Divorce
Divorce Doesn't Always End Emotional Abuse
Protect Yourself with a New Way of Thinking
Posted December 15, 2014
“It’s best for the kids. You’re being selfish,” said Peter, Alice’s ex-husband and the father of Annie and Brian, their 18-year-old daughter and 21-year-old-son. Peter’s insistence on dropping by Alice’s house at his whim made it difficult for her to build a new life. Peter had a girlfriend, but he also enjoyed family life with Alice, Annie, and Brian. As he had during their marriage, he used her love and concern for the kids to get his way.
Alice wanted a new tradition of spending Christmas Eve alone with Brian and Annie.
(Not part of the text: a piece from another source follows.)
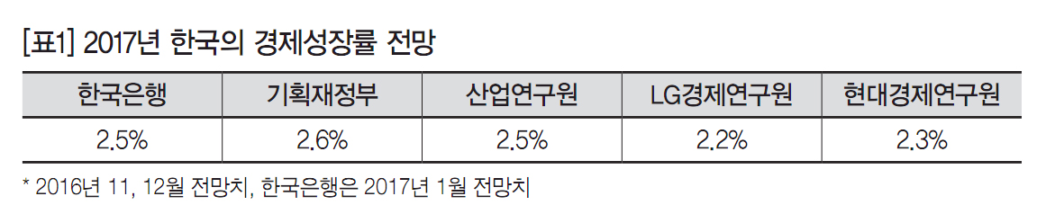 경제환경은 경기침체가 지속되고, 대내외 악재가 도사리고 있어 그 전망이 매우 불투명하다. 세계경제 둔화와 도널드 트럼프 미국 행정부의 출범으로 인한 보호무역주의 확산, 중국의 한반도 사드 배치에 대한 반발과 비관세장벽 강화는 물론, 미국의 단계적 금리인상 예고로 금융시장의 변동 폭이 커지고, 금리인상이 1,300조 원이 넘는 국내 가계부채에 영향을 줄 경우 우리 경제에 뇌관이 될 수 있다. 또한 조선‧해운업 구조조정이 2단계로 접어든 상황에서 제조업의 재고증가‧가동률 하락으로 인력구조조정이 예견되고 있어, 올해 국내 경제성장률이 2%초반(경우에 따라 1%진입 가능성)으로 제시되는 등 저성장이 이어질 전망이다.

Christmas Day, the kids could have dinner with their father. But Peter insisted on joining Alice and the kids on Christmas Eve. She worried that if she didn’t give in to him, they would choose to spend their entire holiday with their father. Last Christmas, he took Annie and Brian to a high-end skiing resort in Colorado. He showered them with expensive presents purchased with his substantial income. Alice couldn’t afford to give pricey gifts. She gave up her career as a research scientist when Peter had insisted that she stay home to raise the children.
During their 24-year marriage, Alice tolerated Peter’s hurtful and controlling behavior in an effort to keep the peace. He demanded that she handle all the housework, cooking, errands, and transportation. Although she enjoyed being a mom and running the household, she felt like a domestic worker in her own home. When she took time for herself, he criticized her for being self-centered.
Peter called Alice offensive nicknames such as “space cadet” and “moid” (short for hemorrhoid). Sometimes he startled her out of a deep sleep in the middle of the night and scolded her for not paying enough attention to him, or forgetting to buy his favorite midnight snack. When she protested his behavior, he told her she needed to be a better wife.
Peter seemed to enjoy setting up Alice to look like an uncaring parent in front of Annie and Brian. When they were in grade school, he told her to meet them for dinner at a specific restaurant and went to another restaurant. When she didn’t show up for dinner, he told the kids that their mother didn’t love them and she had rather go shopping. Later, he told Alice that she made a mistake. “You know how scatterbrained you are,” he said.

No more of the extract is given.